In Australian Securities and Investments Commission v Australian Property Custodian Holdings Limited (Receivers and Managers appointed) (in liquidation) (Controllers appointed) (No 3) [2013] FCA 1342 Justice Murphy of the Federal Court of Australia declared that the five former directors of APCHL (as the responsible entity of Prime Trust) breached their duties owed to members of Prime Trust by firstly, resolving to lodge a resolution with ASIC purporting to amend the Prime Trust constitution in August 2006 (without unit holder approval) to provide for the payment to APCHL of a fee in the event that the units in the Prime Trust were listed on the Australian Securities Exchange (ASX) and secondly, directing APCHL to pay a listing fee of approximately $33 million out of scheme assets subsequent to the listing of Prime Trust on the ASX in August 2007.

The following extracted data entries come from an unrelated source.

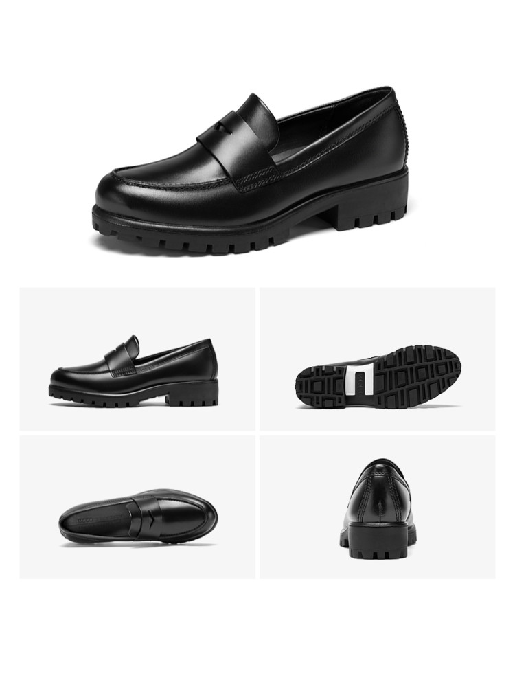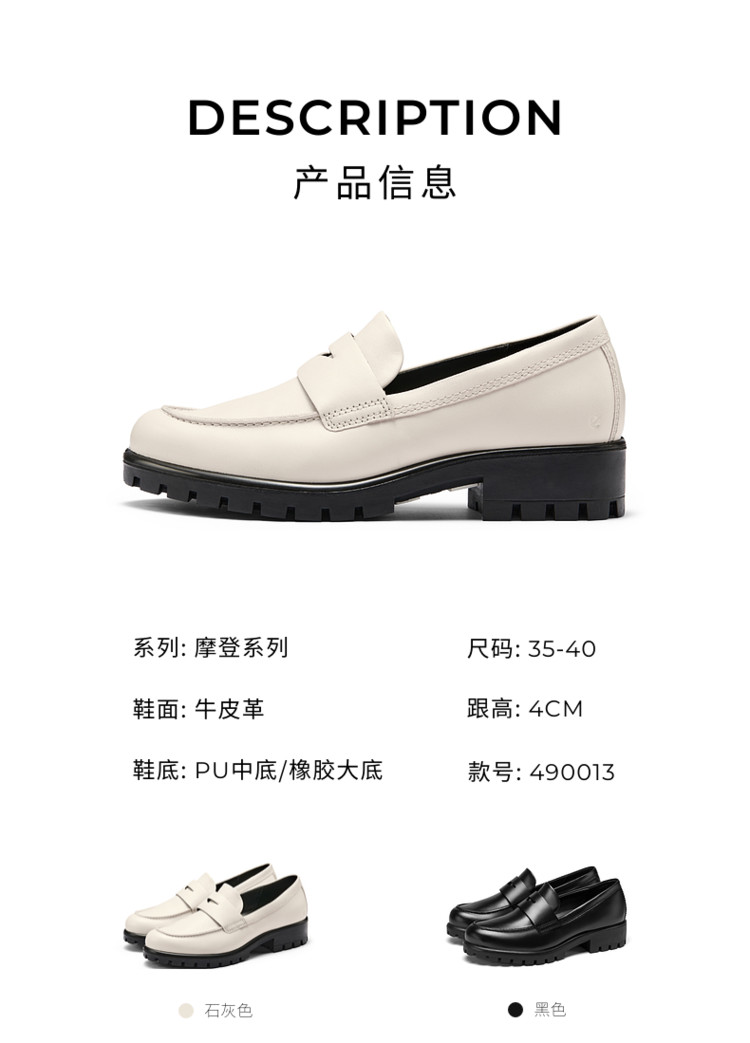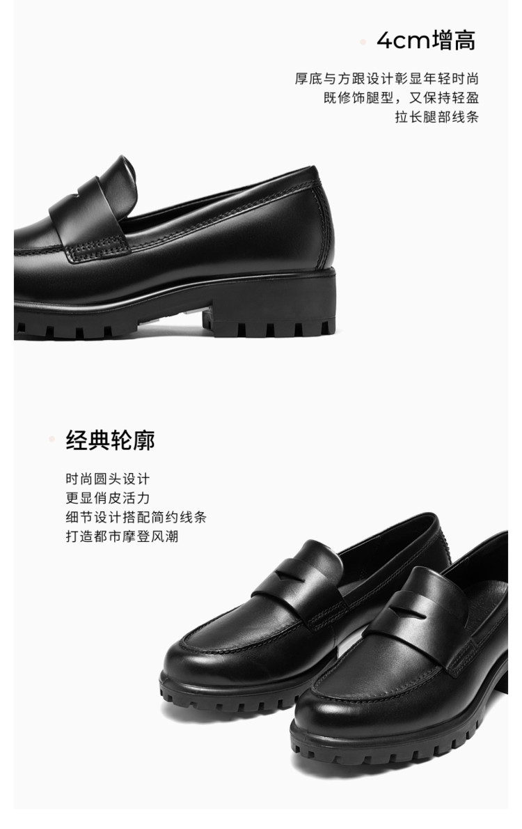 ECCO 乐福鞋女单鞋牛皮倪妮同款摩登490013
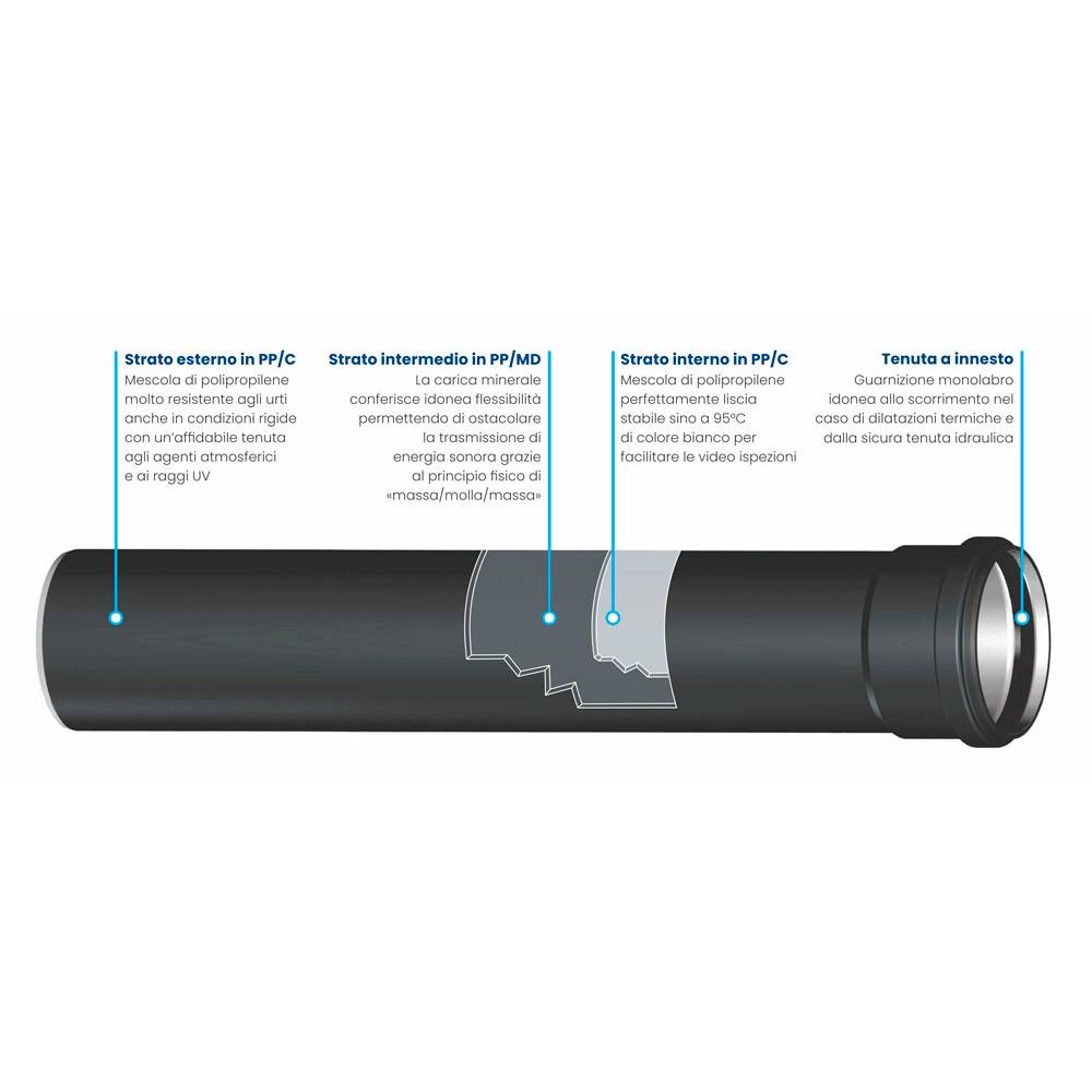 Tubi in PP-C/MD/PP-C e raccordi in PP-C/MD. I materiali che compongono il sistema Sistema insonorizzato per lo scarico dei reflui conforme alla EN 1451-1 in Classe BD (all'interno del fabbricato e all'esterno entro 1 metro dal perimetro del fabbricato) idoneo per impianti in edifici a destinazione residenziale, industriale e commerciale, pubblici e ricettivi come ospedali, case di riposo e RSA, alberghi, scuole, luoghi di culto. Il sistema ULTRA SILENT è altresì idoneo per la realizzazione di impianti di ventilazione e areazione, estrazione, aspirazione polveri.
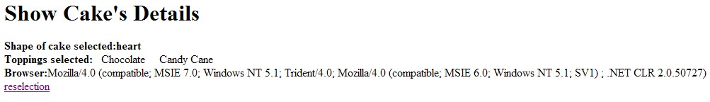 <%@ taglib prefix="c" uri="http://java.sun.com/jsp/jstl/core" %><!DOCTYPE HTML PUBLIC "-//W3C//DTD HTML 4.01 Transitional//EN"><html> <head> <title>Show Cake's Details</title> </head> <body> <h1>Show Cake's Details</h1> <b>Shape of cake selected:${param.shape}</b><br> <b>Toppings selected:</b><c:forEach var="stuff" items="${paramValues.topping}"> ${stuff} </c:forEach><br> <b>Browser:</b>${header["user-agent"]}<br> <a href="implicit_obj.jsp">reselection</a> </body></html>
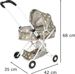 Осигурете на детето си идеална среда за отглеждане и грижа за любимата му кукла с тази елегантна количка. Тя е проектирана да наподобява перфектно истинска бебешка количка, като позволява на децата да навлязат в света на ролевите игри. С дълбока гондола и регулируема дръжка е идеална за разходки у дома и навън.
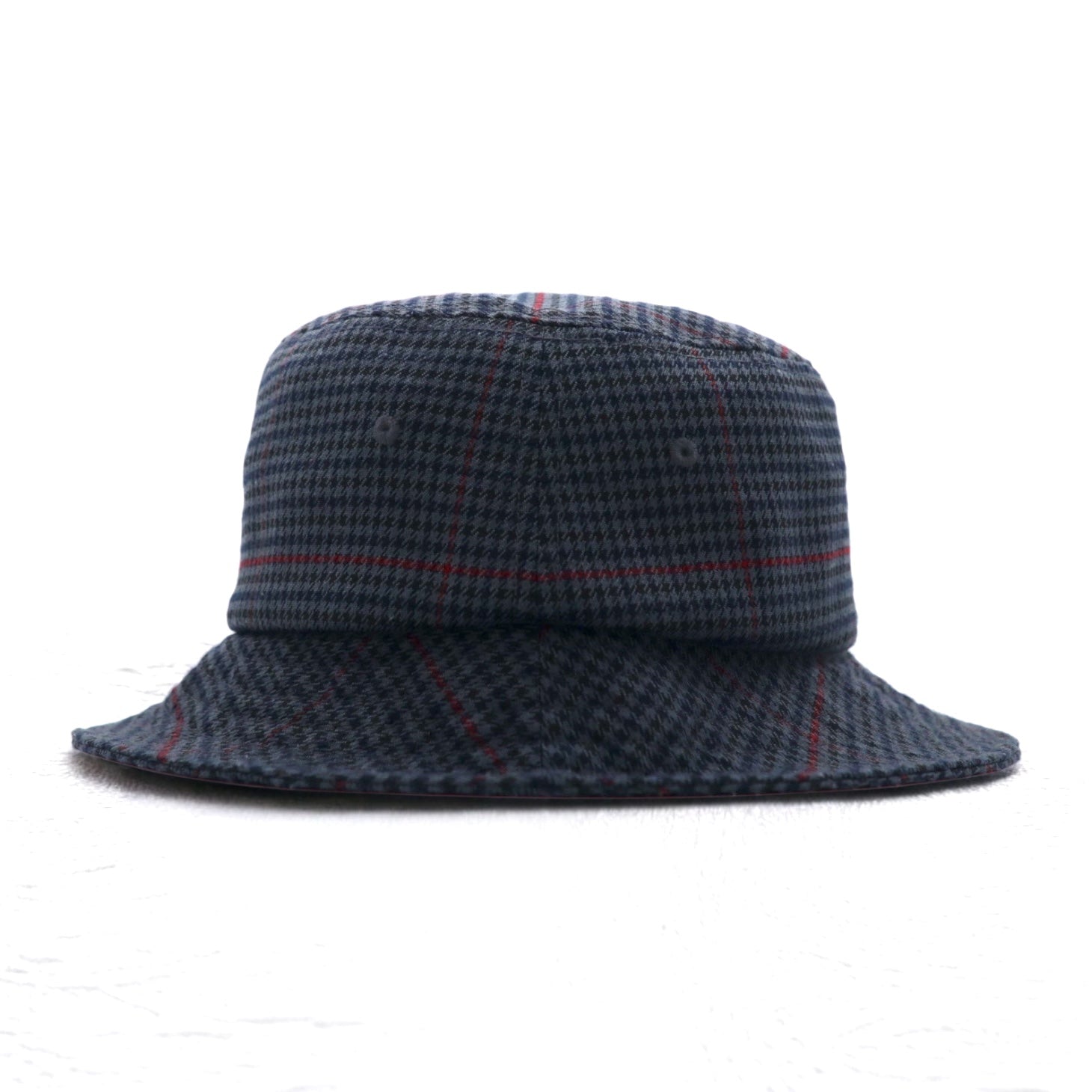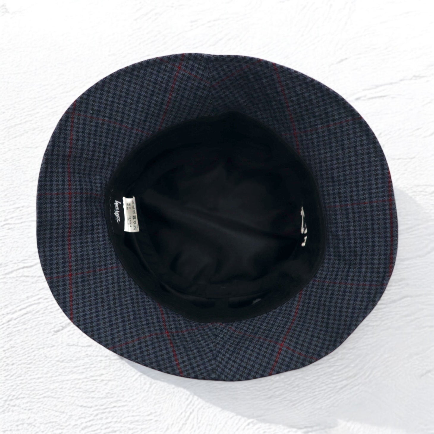 stussy バケットハット L/XL グレー 千鳥格子 チェック ストックロゴ 刺繍 Big Logo Check Bucket Hat

One of the issues at trial was whether 2 of the directors (Mr Lewski and Mr Jaques) abstained from voting on the resolutions by remaining silent or whether they should be treated as having voted in favour of the resolutions.
For each of the 2 relevant board meetings there were in fact 2 sets of board minutes signed by the Chairman as correct: a draft pre-prepared by lawyers to deal with legally related matters and minutes prepared after each meeting from notes taken in the meeting.
Justice Murphy decided that the directors’conduct amounted to assent.
He said:
736.The minutes for the 26 June 2007 meeting were pre-prepared by Madgwicks. Mr Lewski said that there was “a general murmur of assent” to each resolution but that he said nothing to amount to a “yes” vote, in accordance with his usual practice where he had a personal interest in a resolution. He did not state that he advised the other Directors that his silence meant that he was abstaining. Mr Jaques was unable to recollect whether he voted for this resolution or not but he reiterated that his usual practice was to remain silent on any matter involving Mr Lewski’s personal interests.
737.Against this, Dr Wooldridge’s evidence is that he ascertained the agreement of all Directors present at the meeting to the resolutions. I prefer Dr Wooldridge’s account of the 26 June 2006 meeting to that of Mr Lewski. I infer that Dr Wooldridge followed his usual practice of asking the Directors “those in favour” and “those against” so as to satisfy himself where each Director stood. I accept his account that Mr Lewski and Mr Jaques were in agreement that the resolutions to pay the Listing Fee be passed. Whether or not they in fact remained silent, I infer that their conduct amounted to or conveyed assent to the resolutions.
738.The minutes for the 27 July 2007 meeting were also pre-prepared by Madgwicks. Mr Lewski said that he was present in the Boardroom for this meeting. All the Directors were present, some by telephone although it is not clear who. Mr Lewski again said that he abstained from voting on these resolutions by remaining silent, but again he did not advise the other Directors that he was doing so. Against this, Dr Wooldridge’s evidence is that he ascertained the agreement of all the Directors present to the resolutions. I prefer Dr Wooldridge’s account of this meeting to that of Mr Lewski. Whether or not Mr Lewski and Mr Jaques in fact remained silent, I infer that their conduct amounted to or conveyed assent to the resolutions to pay the Listing Fee.
Clearly, it is important that individual directors be given an opportunity to express their view on resolutions and that a director indicate if they are abstaining: see James Hardie decision.
Accurate minute-taking practices and record-keeping are critical.
A hearing on exoneration and penalty for the directors subsequently took place. The judgment on exoneration and penalty will be handed down in due course.